Q: It’s been 50 years since you called on the government to relinquish its control over the administration of publicly funded schools in an essay called “The Role of Government in Education” published in the journal Economics and the Public Interest. Could you please explain what your original proposal was and why you made it at the time you did?

A: My original proposal was in the paper considering the philosophical problem of what role should government play in the field of education. It was part of a broader study of what the role of government was in terms of the basic value of liberty and of individual freedom, and the broader study was contained in the book Capitalism and Freedom, which appeared seven years later in 1962.

So I just asked the question, what role should government play? It does, in fact, at the moment play three roles. First, it requires every child to have a certain amount of compulsory schooling. Second, it finances that schooling by spending money on providing schools. Third, it administers schools—it produces the product of schooling in government-owned and -run buildings.

If you examine that on the grounds of a free society, you can make an argument for government compelling youngsters to have schooling on the grounds that you cannot have a democratic society unless the members of it have at least a certain minimum level of literacy and understanding of history. It’s much more difficult to make a case for the government paying for schooling. It’s not obvious at all why the government should pay for schooling, anymore than it pays for food, clothing, or housing for everybody. You can make an argument that there will be children who are born in indigent families who cannot afford to pay for their schooling. And you could make an argument therefore for government helping out in that case. In fact, there really is no argument for the government paying for the schooling of every child. No social function is performed that way.

But the fact is that we do school children … [yet] there is certainly no justification for government running schools. That is the same question as should the government produce automobiles? Should government grow wheat and run the bakeries? Government has no special merit when it comes to operating and organizing the school.

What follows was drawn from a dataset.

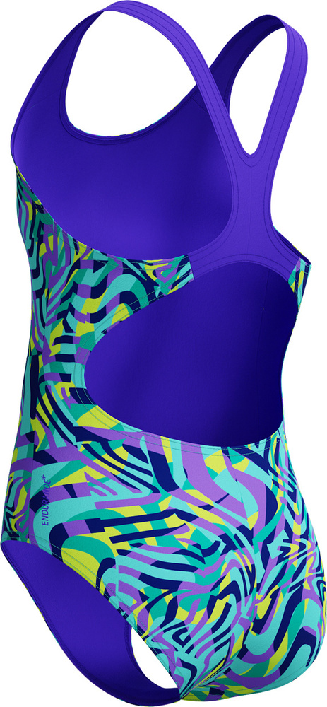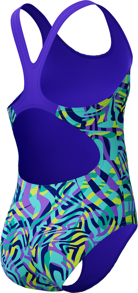 Wygodny fason typu splashback z ramiączkami odsuniętymi od ramion zapewnia swobodę ruchów w wodzie.

There are these three functions, of which the third seems clearly not justified by the principles of a free society. There is some justification for the other two, but how can you separate them? And therefore the proposal was made to separate them by having the government provide every parent with a voucher that they could use for schooling and nothing else.

Q: A half-century after your voucher proposal, a smattering of state-financed voucher-like programs now exists around the country. How would you assess the state of what has come to be known as the school choice movement? And where do you think it will stand 50 years from today?

A: Fifty years from today, I won’t be around to see it, but I would be amazed if you did not have an almost complete termination of the government running schools. I would be surprised if 50 years from now you don’t have universal vouchers. And the reason I say that is that it seems to me that once you set it down and look at it without bias or prejudice, it’s so obvious that that’s the way to go. Who has more interest in the schooling of a child, the parent or a government bureaucrat? Who is in a better position to decide what school is best for a child, the parent, or whoever happens to be in charge of a government school?

Q: You have warned that voucher programs that are only for the poor will be poor programs.

A: Yes, they will be.

Q: Does that mean that programs like those in Milwaukee, Cleveland, and the District of Columbia have done more harm than good to the cause of universal vouchers?

A: No, it doesn’t. It means that if their example of restricting vouchers to low-income families alone is followed, the whole movement will soon come to a dead end. So far, these have been very small deviations from the standard pattern and so far, you’re starting from a situation where any introduction of competition and choice is going to be an improvement. But if indeed the voucher program is viewed as a charity program and not as an education program, it doesn’t have a future.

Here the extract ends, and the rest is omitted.